Exxon Mobil Return on Capital Employed – Where are they making expenditures
ROE and ROIC – Note how to compute growth rates from ROE and Retention
Example of Return on Capital Employed (Return on Invested Capital) in Financial Analysis • The argument has been made that the best measure to evaluate management performance that is not distorted by leverage (as in the case of ROE) or has the problems of ROA is the return on invested capital.
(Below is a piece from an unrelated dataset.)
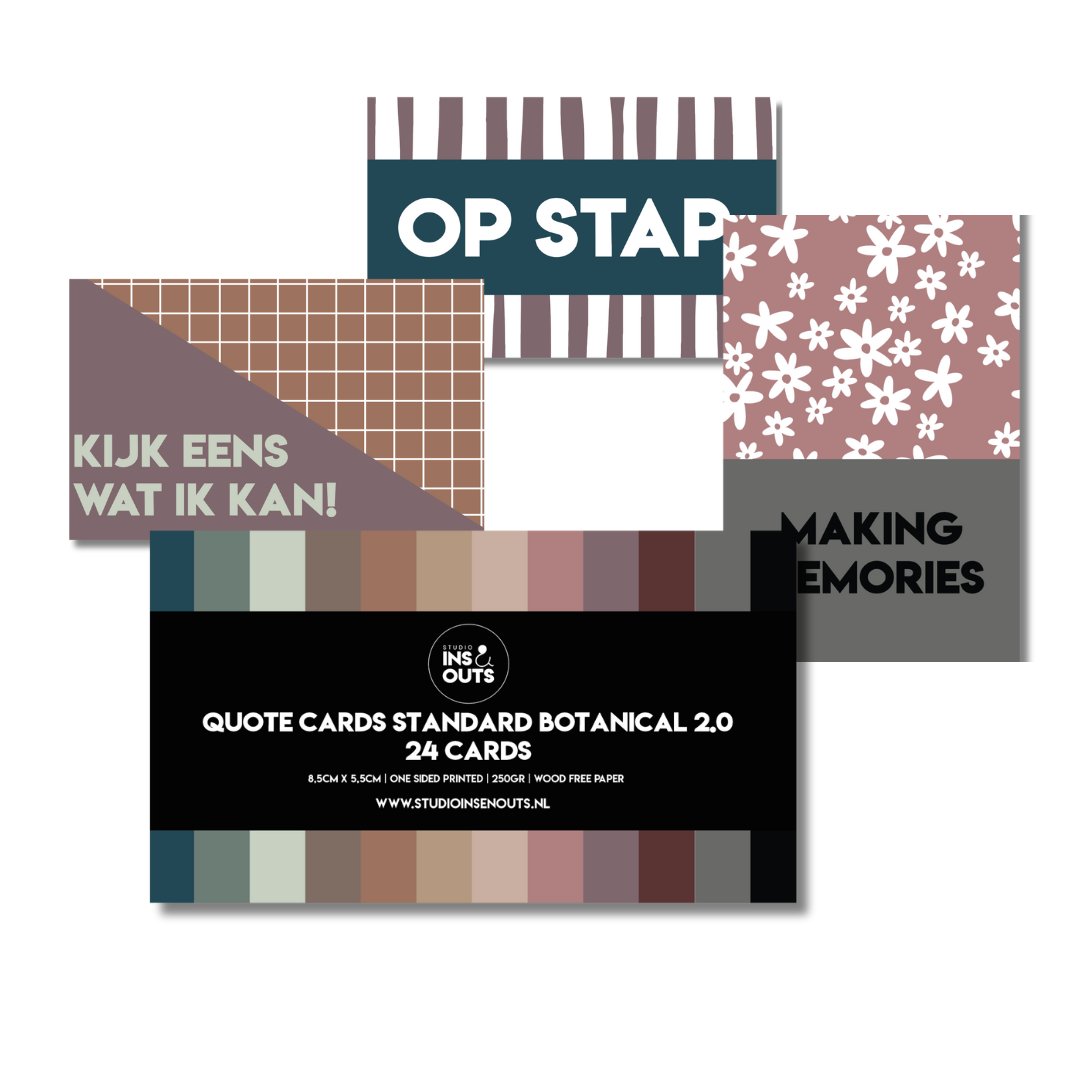De 24 quote cards bevatten korte teksten zoals “Kijk eens wat ik kan!”, “Making memories” en “Op stap”. Alle teksten zijn in het Nederlands en gedrukt op stevig papier in bijpassende kleuren. Ideaal als decoratief accent of om toe te voegen aan een kaart of cadeau.

An example of use of this ratio is in the Exxon Mobile Merger: • J.P. Morgan reviewed and analyzed the return on capital employed ("ROCE") of both Exxon and Mobil since 1993. J.P. Morgan observed that Exxon's ROCE has consistently been 2-3% above that of Mobil. • J.P. Morgan's analysis indicated that if Mobil were to be merged with Exxon, the combined entity's capital productivity would eventually be higher than the pro forma capital productivity of Exxon and Mobil. • J.P. Morgan indicated that it would be reasonable to assume that the benefits of this capital productivity increase would occur within three years of the closing of the merger.